The girls at the Home learning to play the diabolo

   On the 5th of October 2019, the members of the English Club 2, Cultural Club and Diabolo Chinese Yo-yo Club visited Rumah Amal Nur Murni, a Muslim orphanage, located at Batu Kawa. The 27 students were accompanied by three teachers. This trip was part of our social outreach programme. The purpose of this trip was to expose the students to a different environment where children between the ages of 5-12 are brought up and live their daily lives with certain practices, restrictions, limitations and religious observances according to their Muslim faith. We gain insight into a “home” which is so different from our own family set-up.

   The teachers and students gathered at SJPS sometime before 8.00 a.m. After a roll-call and briefing by Mr Philip Yeoh, we departed for the orphanage at 8.30 a.m. We were divided into three groups. Our teachers, and a kind parent who had volunteered earlier, drove us to the orphanage. The journey took less than half an hour, so we arrived there before 9.00 a.m.

   Once we arrived there, we formed two groups according to gender. This is because Rumah Amal Sri Murni has a strict rule that the boys and girls are not allowed to interact with each other. Our students had been reminded earlier to be mindful of their actions and speech, and also to respect and observe the custom and practices of the orphanage while we were there. Our students remembered to remove their shoes and socks before entering the house. The girls were then welcomed by the young girls, while the boys were welcomed by the young boys.  Inside, the girls sat on one side of the room, while the boys sat at the other end. To kick off the event, an ice breaking session was held for a while, in which we introduced ourselves to the children and vice versa. It was pretty difficult to communicate with them initially, mostly because the children were very shy and some of us weren’t just the best when it came to speaking Bahasa Melayu, but we managed nonetheless.

   After the ice breaking session, the children entertained us with three simple but meaningful and thoughtful performances. I thought it was well done considering the fact that they had only three weeks of practice. After that, the seven members of the Cultural Club performed a simple dance.  This was followed by the Diabolo Chinese Yo-yo Club who showed their skills with the yo-yo.  Due to the lack of space in their living-room, we could only put up simple performances. We all had to make it work somehow. In the end, everything worked out and we were able to bring smiles to the faces of the children and volunteers.
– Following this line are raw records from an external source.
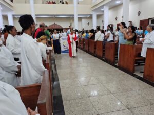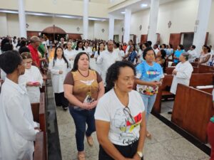 Na tarde deste sábado, 30 de agosto, às 15h30, a Catedral de São José, em Itabuna (BA), tornou-se o palco de um momento histórico para os Ministros Extraordinários da Comunhão Eucarística (MECE) e para os catequistas da Diocese de Itabuna, no sul da Bahia. A celebração marcou o Jubileu da Esperança, reunindo centenas de fiéis em um encontro de fé, gratidão e compromisso com a missão da Igreja.A acolhida dos participantes foi conduzida pelo padre Pedro Vinícius, que, erguendo a Cruz Peregrina Jubilar, adentrou a catedral acompanhado pela assembleia. O rito fez parte das celebrações do Ano Jubilar proclamado pelo Papa Francisco, com o tema “Peregrinos da Esperança”. O Santo Padre tem incentivado a vivência de uma esperança cristã ativa, expressa em gestos concretos de serviço e fraternidade.
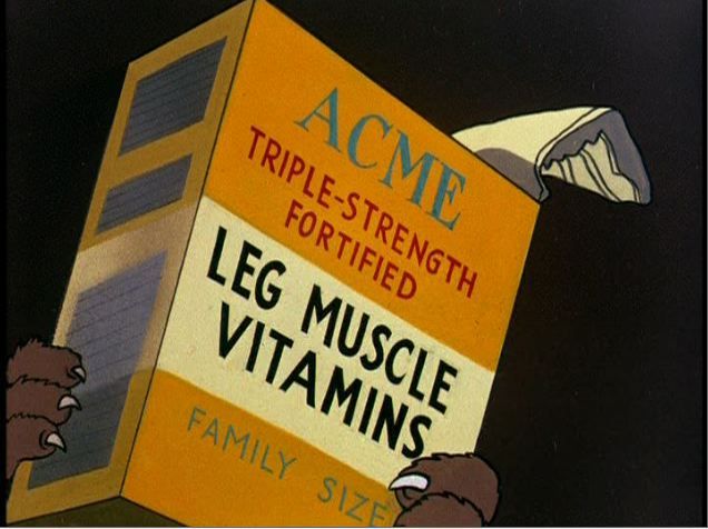 Acme Triple-Strength Fortified Leg Muscle Vitamins. From Stop, Look and Hasten (dir. Charles M. Jones, 1954). I love the use of the Acme Corporation as a go-to, generic component of Looney Tunes. Surely someone’s written a dissertation about this.
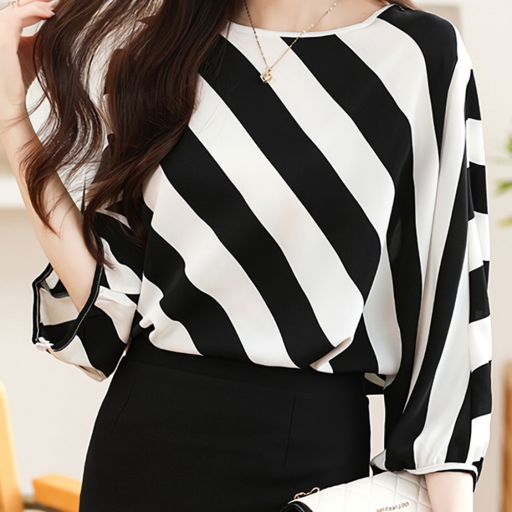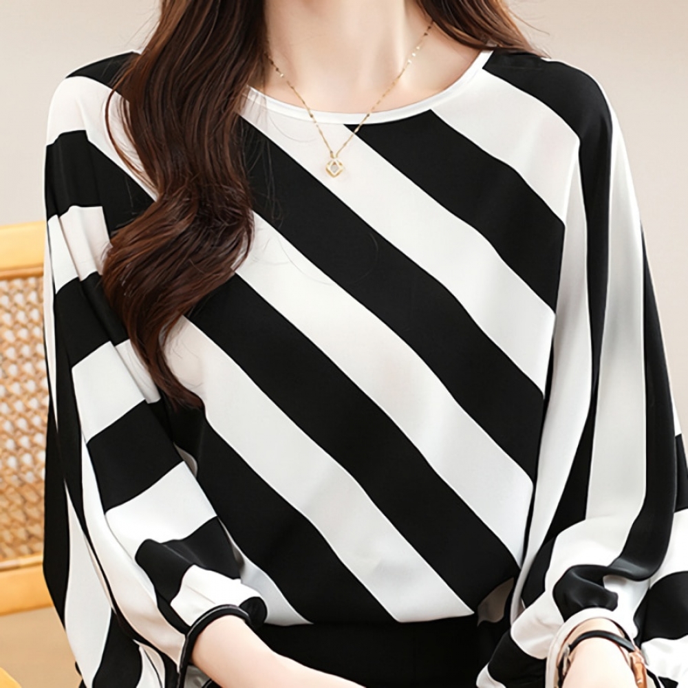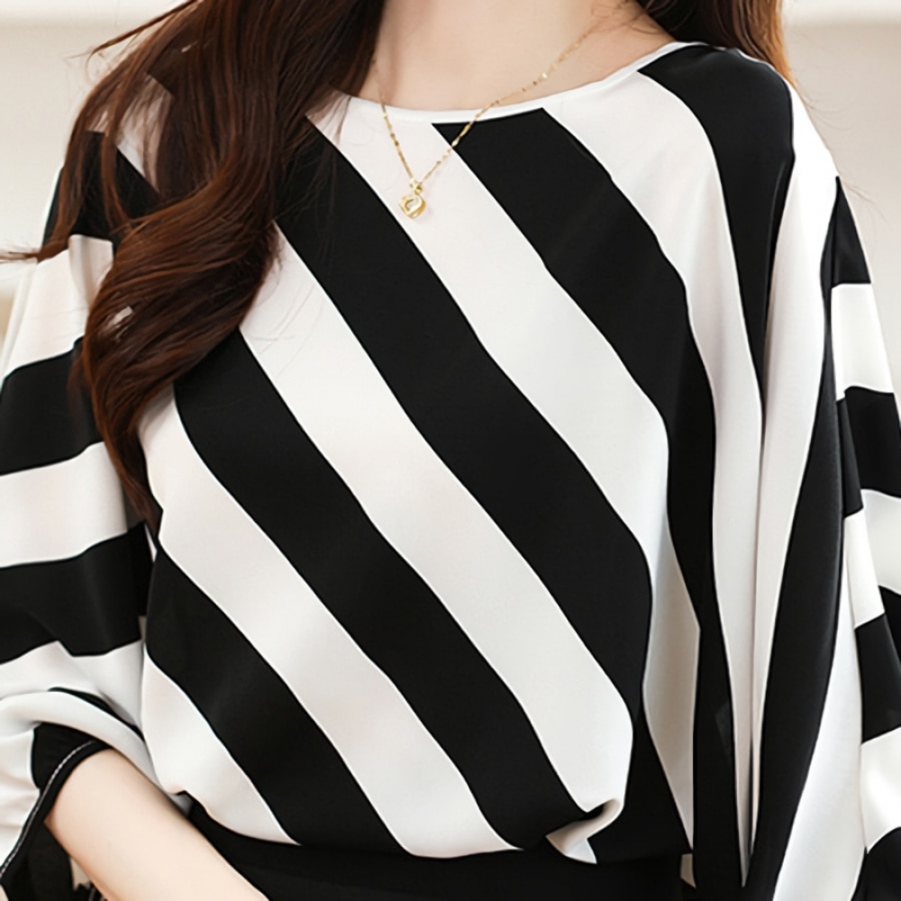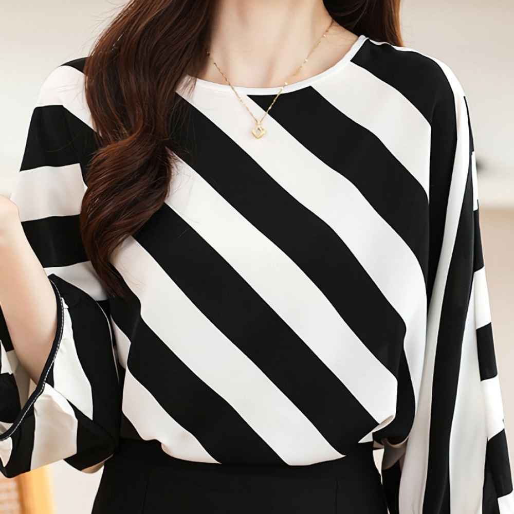 여성 루즈핏 스트라이프 실크 블라우스

   After that, the members of English Club 2 did a storytelling session with the story entitled, “The Perfect Heart”, with simple props and some acting. Since they wanted to teach the children some English and understand the message they were trying to convey in the story, some translations into Bahasa Melayu were done by Easter Jane, a member of the Cultural Club. The children weren’t the only ones who enjoyed the story, but our students did too. Then, they played a simple but fun game of Pictionary with the children. Whoever guessed it right would win a prize. I was happy to see that the children were able to get most of the answers correct, given how young they are and that their main language is Bahasa Melayu.
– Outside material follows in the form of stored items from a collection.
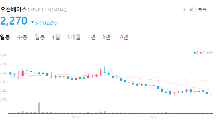 7월20일 기준 오픈베이스 주가는 2270원입니다.
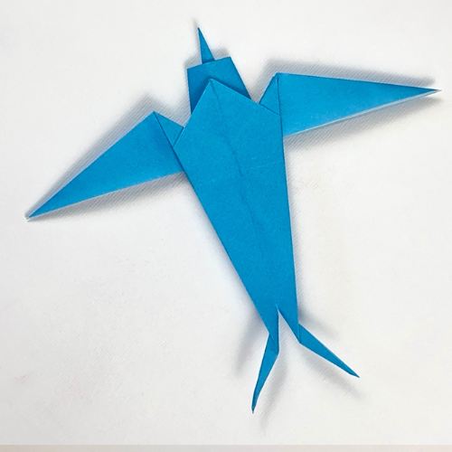 It starts from the familiar bird base, much like the classic crane, but takes a different turn at the end to create the long, tapered body and striking angular wings of a swallow.
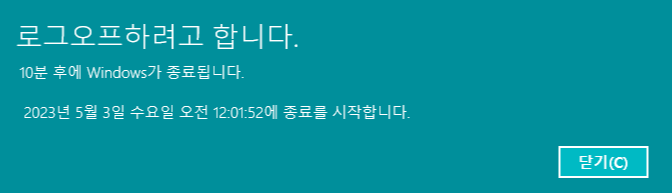 원하는 타이머까지 입력 후 확인을 누르게 되면 상기 이미지와 같이 로그오프 알림 메시지가 떠오르는 걸 볼 수 있습니다.
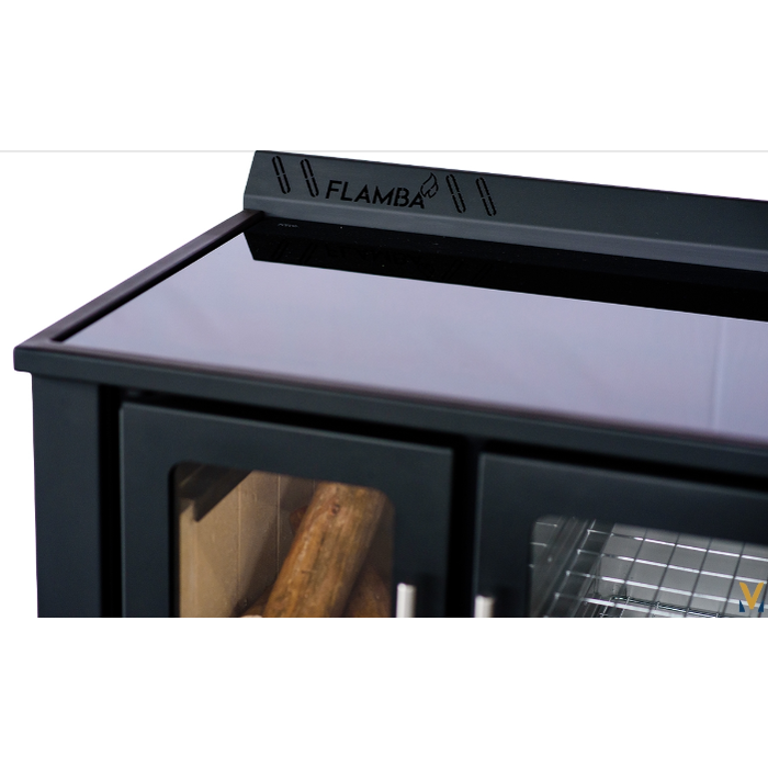 Aquecer a casa e cozinhar nunca foi tão prazeroso. O fogão gourmet P18 2 em 1 da linha Flamba possui chapa de cozimento de vitrocerâmico na parte superior, onde é possível preparar o alimento diretamente no vidro com segurança, resistência e ótima condutividade térmica e um forno para assamento com 2 grelhas internas e termômetro. Laterais disponíveis nas cores vermelho e preto.

   We spend another half an hour interacting with the children. Most of them were fascinated with the Chinese yo-yo and wanted to learn how to play the yo-yo. While the girls were being taught to play the yo-yo inside the house, the boys were doing the same outside. The children were so fascinated by the Chinese yo-yo that a few of them managed to learn some basic yo-yo skills within that half an hour.  Later the boys were taught the names of the objects used in the Pictionary game by Mr Philip. It was heart-warming to see how responsive the children were.

   By then, everyone felt hungry and thirsty so we all sat down while some students distributed food and packet drinks to the children as well as the three caretakers.   Once they had said their prayer, we all dug in and had our tea break together. Our students made use of that time to socialise more with the children. I saw one of the girls teaching the children how to make an origami crane out of a brown paper bag while teaching them the importance of keeping our environment clean.

   To wrap up the day, Ms Winnie, Ms Maria and Mr Phillip gave short farewell speeches, telling the children and their caretakers how grateful we all were to be able to spend a memorable time with them that day. Miss Winnie presented Puan Murni, the head of the orphanage with a plaque while Miss Maria presented her with some bags of rice as a simple token of our appreciation. Puan Murni also expressed her gratitude in a simple farewell speech. Soon it was time to leave. We all said our goodbyes to the children after taking lots of memorable photos with them.

   I personally had a lot of fun visiting them. Though it was pretty difficult to communicate with them due to my lack of fluency in speaking standard Bahasa Melayu and Bahasa Melayu Sarawak, I had a blast, learning not only about their religious and cultural practices, but also how they live their daily lives and what their future would be like when they grow older. This experience has taught not only me, but all the other students as well, the importance of gratitude towards our parents as they have brought us up with love and given us a comfortable and secure home. I also learnt the importance of caring for other people and respecting them regardless of their religion, race, background, social status or ethnicity. I hope that a chance like this might come up again in the future, not just for us, but for the other students of St Joseph’s Private School. I believe it will change students’ perspective of life and people; while planting a new-found sense of gratitude and respect in the hearts and minds of our students.